Stored data

/---

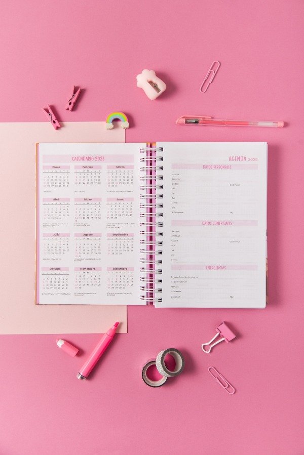 Interior hoja por día impreso en color rosa y negro
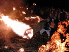 火おんどりは19:00から採火式,20:00からの御清めを経て,21:00から信玄塚で踊りが行われる。信玄塚での踊りがメインでこれを見るために多くの観光客が訪れる。
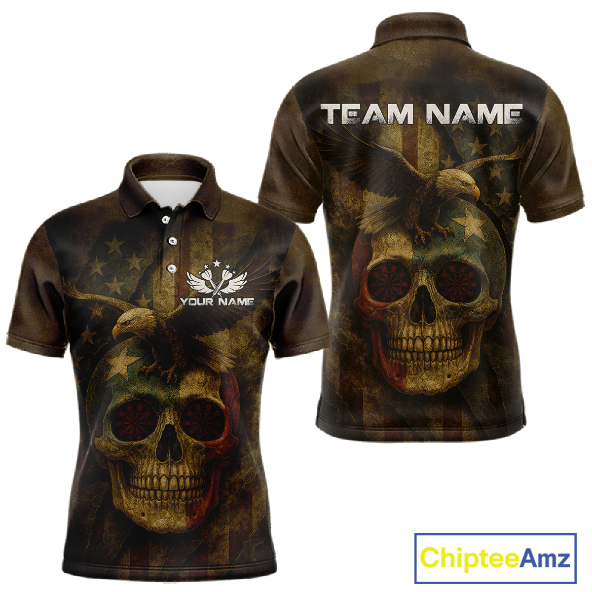 Custom Skull Eagle Grunge Polo Dart Shirt For Men Retro Patriotic Dart Jerseys NYN1337
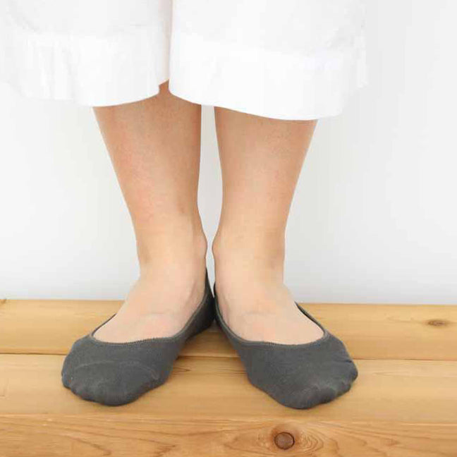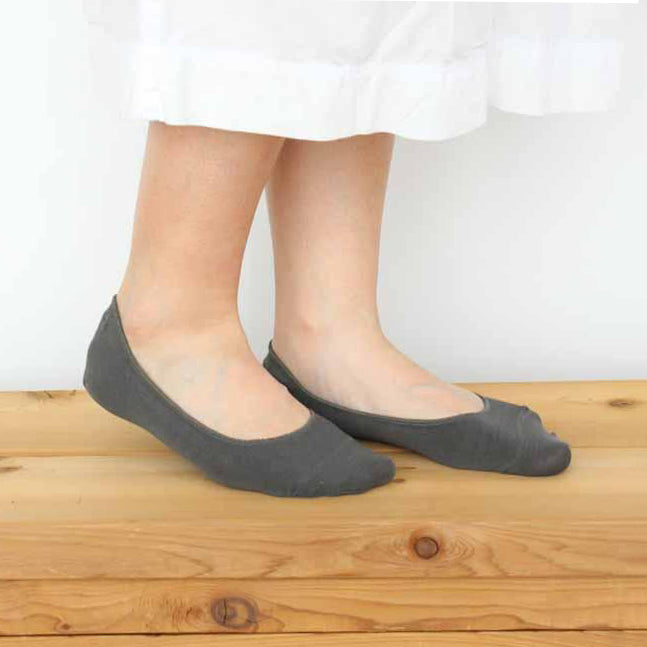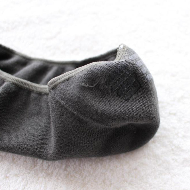 五倍子染めを使用したナチュラルブラックのカバーソックス。ローファーやパンプスに合わせて頂くのにぴったりです。 伸縮性の高い編み方ですので、締めつけ感は少なく、長時間履いていてもストレスが少ないです。

\---

To do
Only an exact copy of the lines from the one with "Custom Skull Eagle" through the last line of the listing should be given; pictures must not be included.

Result
 Custom Skull Eagle Grunge Polo Dart Shirt For Men Retro Patriotic Dart Jerseys NYN1337
 五倍子染めを使用したナチュラルブラックのカバーソックス。ローファーやパンプスに合わせて頂くのにぴったりです。 伸縮性の高い編み方ですので、締めつけ感は少なく、長時間履いていてもストレスが少ないです。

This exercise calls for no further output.